L'ignorance laisse le champ libre à cet égoïsme de la finance. Aussi, je me félicite que l'éducation ait été déclarée prioritaire dans le budget de la France.
Mais face aux poisons instillés dans notre société par le libéralisme, n'y a-t-il pas aussi urgence à mobiliser la culture ? Oui, cela aurait été un signe fort de changement d'affirmer que les crédits de la culture étaient un levier contre la crise, et devaient donc être maintenus, si ce n'est augmentés.
Ce fut d'ailleurs l'intuition de François Hollande qui, n'ignorant pas la crise, avait affirmé vouloir sanctuariser ce budget. Ce n'est hélas pas le choix qui a été fait.
Pourtant, madame la ministre, vous auriez eu un large appui populaire. Pour en témoigner, j'ai en mémoire la mobilisation de la population de Stains pour sauver son Studio Théâtre malmené par votre prédécesseur, ou bien leur mobilisation pour accompagner la renommée grandissante de son orchestre Divertimento, ou encore, plus récemment, la mobilisation de soutien au théâtre Paris-Villette. Dans vos propos en commission élargie, j'ai perçu une ambition pour votre ministère. Pourtant, le budget qui nous est soumis va à contresens de cet objectif.
Bien sûr, nous ne pleurerons pas l'abandon du projet de M. Sarkozy d'une Maison de l'histoire de France, car nous n'en partagions ni les buts, ni les moyens de réalisation.
Cependant, on peut s'interroger sur la baisse de nombreux crédits, et des activités ainsi mises en cause.
Dans le programme « Patrimoines », en baisse de 9,93 %, on note une diminution de moitié des financements pour les acquisitions, en vue de contribuer à la maîtrise des dépenses publiques. Faut-il y voir la porte ouverte à la répétition de l'épisode malheureux des manuscrits de Robespierre ? Le patrimoine historique et culturel de la France doit-il devenir l'un des nouveaux marchés ouverts à la concurrence alors qu'il représente un élément majeur de compréhension de l'histoire de nos sociétés ?
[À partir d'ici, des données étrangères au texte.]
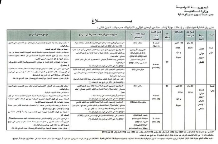 تعلن وزارة الداخلية – الإدارة العامة للشؤون الإدارية والمالية عن فتح مناظرات واختبارات مهنية خلال سنة 2026 لانتداب عملة من الصنفين الأول إلى الخامس، وذلك حسب الجدول الزمني والتوزيع التالي.

Quant au programme « Création », nous partageons la volonté de développer l'aide au spectacle vivant. Mais de quelle aide parle-t-on quand il s'agit de répartir la pénurie d'un budget contraint, en baisse de 1,65 % ? Comment aider à de nouvelles créations artistiques sans en laisser dépérir d'autres ?
De même, nous avons des inquiétudes pour le programme « Transmission des savoirs et démocratisation de la culture ». Concernant l'éducation artistique et culturelle, on nous parle d'une rénovation nécessaire, « qui ne peut se concevoir et se mettre en oeuvre qu'avec les collectivités territoriales et l'ensemble des partenaires impliqués ». Va-t-on faire peser sur les seules collectivités territoriales la responsabilité des choix et des moyens de cette éducation ?
Enfin, un mot sur la ligne budgétaire « Frais financiers ». J'observe que le « tout-partenariat public-privé » de vos prédécesseurs pèse lourd sur votre budget. L'exemple du centre de conservation et de ressources du Musée des civilisations de l'Europe et de la Méditerranée, qui va ouvrir ses portes l'an prochain à Marseille, est patent, avec le versement par l'État d'un loyer de 34,6 millions d'euros pendant vingt-six ans au groupe constructeur, et avec des frais financiers de 22 millions d'euros. Nous espérons que vous allez renoncer à ce dispositif de financement.
Madame la ministre – monsieur le ministre – nous avons bien noté le souhait que vous avez exprimé en commission d'obtenir un meilleur budget en 2014. Au-delà du fait qu'il faudrait pour cela revenir sur l'esprit de la loi organique, nous partageons ce souhait, et dans l'attente de sa réalisation, les élus du Front de gauche s'abstiendront dans le vote sur le budget 2013.